If you have taken the time and put in the effort to make an estate plan, you have made considerable progress towards ensuring that your health, wealth, and assets are managed according to your plans during your lifetime and after you pass away. For your carefully crafted estate plan to work correctly and accomplish your estate plan goals, you must plan for periodic maintenance of your estate plan. Fortunately, maintaining your estate plan is likely to take much less time and effort than creating the plan required.
Every person with an estate plan would benefit from reviewing their plan with their estate planning attorney every five to seven years, provided that they do not experience any significant life changes during the time between one review and another. Major life events like moving to a different state, the birth of a child, or divorce create a need to review and update an estate plan right away, instead of waiting until the next regularly scheduled review.

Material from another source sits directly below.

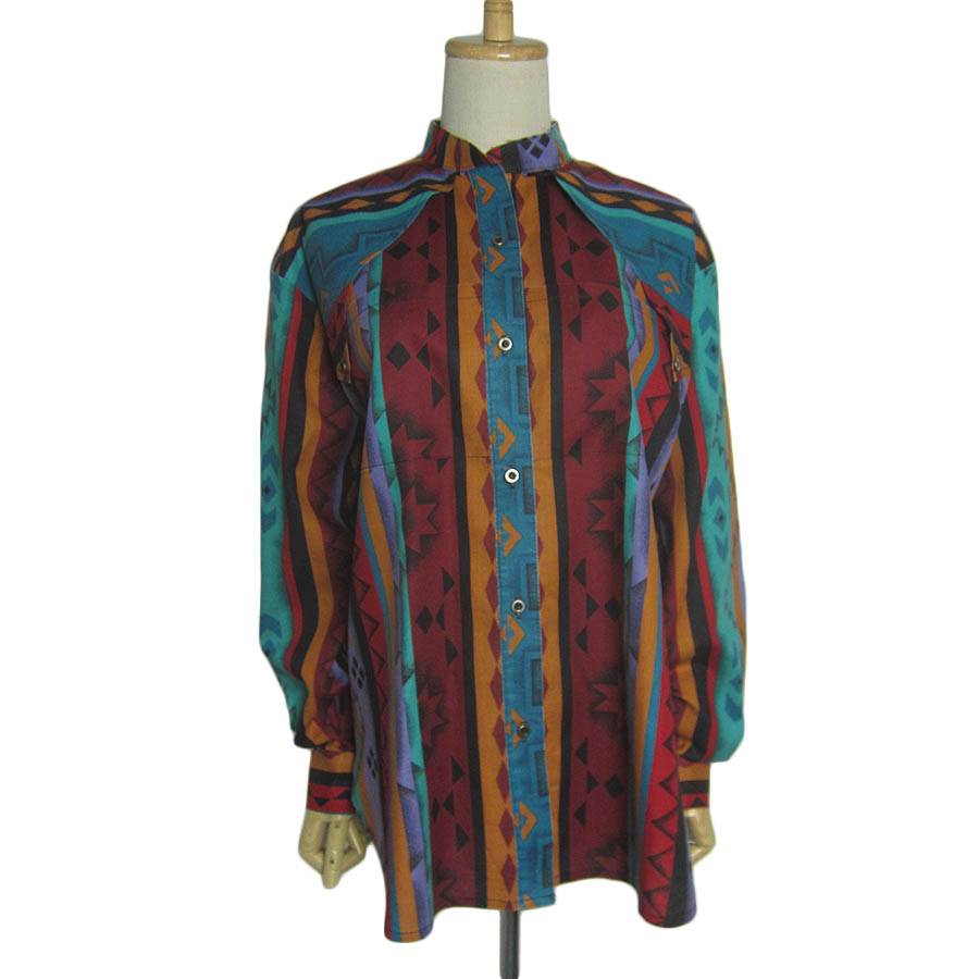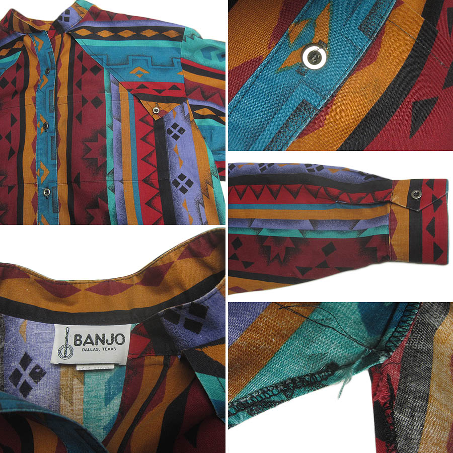 USA古着。BANJOの、レディース サウスウエスタンシャツ。ボタン式。■状態について■表面に擦れ・色褪せ・多少の毛羽立ち、フロント第2ボタン横辺りに、薄黒い軽めの汚れが見られます。裾のサイド縫い合わせ部分の作りが、やや粗めです。

Now that you know that estate plans require periodic maintenance and when that maintenance needs to happen, you are likely wondering what kinds of things in your estate plan require revision and updating. One topic that your estate planning attorney will probably cover when you review your estate plan is whether the laws have changed in ways that could impact the way your estate plan is designed to function. During an estate plan review, you’ll also examine the choices that you made regarding others who will play roles in executing various parts of your estate plan, such as your executor and, if you have a trust, the trustee or trustees you appointed. It’s possible that one or more of those individuals have passed away, or that they can no longer serve in that capacity when the time comes. You might also realize that one or more of those people are not trustworthy, or that you’re not comfortable with them playing such a significant role in handling your affairs.

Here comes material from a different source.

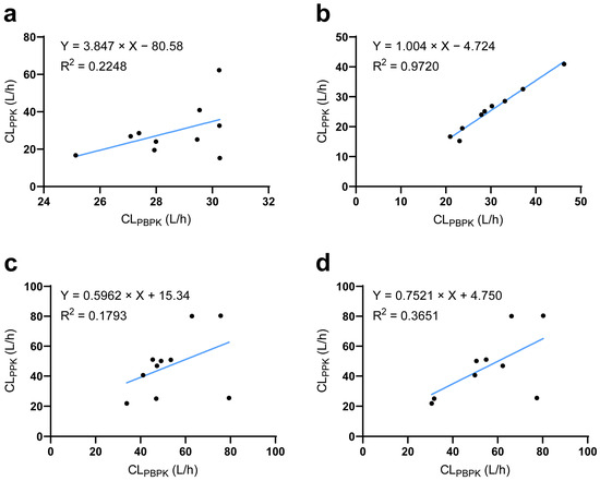 Comparison of predicted and observed clearance at the individual level. (a) The relationship between PBPK- and PPK-predicted DAB clearance before or (b) after corrected by LASSO analysis. (c) The relationship between PBPK- and PPK-predicted RSV clearance before or (d) after corrected by LASSO analysis. CLPPK population pharmacokinetic model-predicted clearance; CLPBPK physiologically based pharmacokinetic model-predicted clearance.
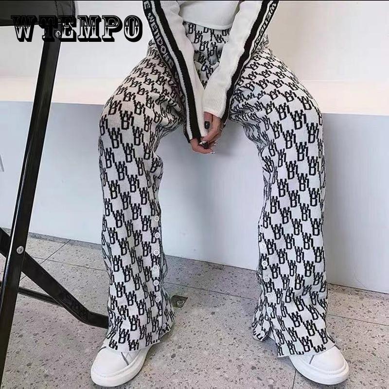 WTEMPO Женские широконогие брюки Черно-белая сетка Гончие Зубые Супер Длинная Средняя талия Прямая Свободная Повседневная Повседневная XXL

Beneficiaries are another area of an estate plan that require review and updating. IRAs, 401ks, life insurance policies, and any other assets in your estate plan that have beneficiary designations must be reviewed to ensure that those designations are accurate. When you pass away, each asset with a beneficiary designation will pass to the beneficiaries named in the designation regardless of your intent. For example, consider what would happen if you name your firstborn child as the beneficiary of your IRA. If you have two more children during your lifetime and you do not update your beneficiary designation to include them, the two children who are not named as beneficiaries do not inherit any of that IRA. Check each beneficiary designation to be sure that the named individual or individuals are the people whom you plan to transfer those assets to when you pass away. If you discover that one or more beneficiary designations are not accurate, work with your estate planning attorney to change them.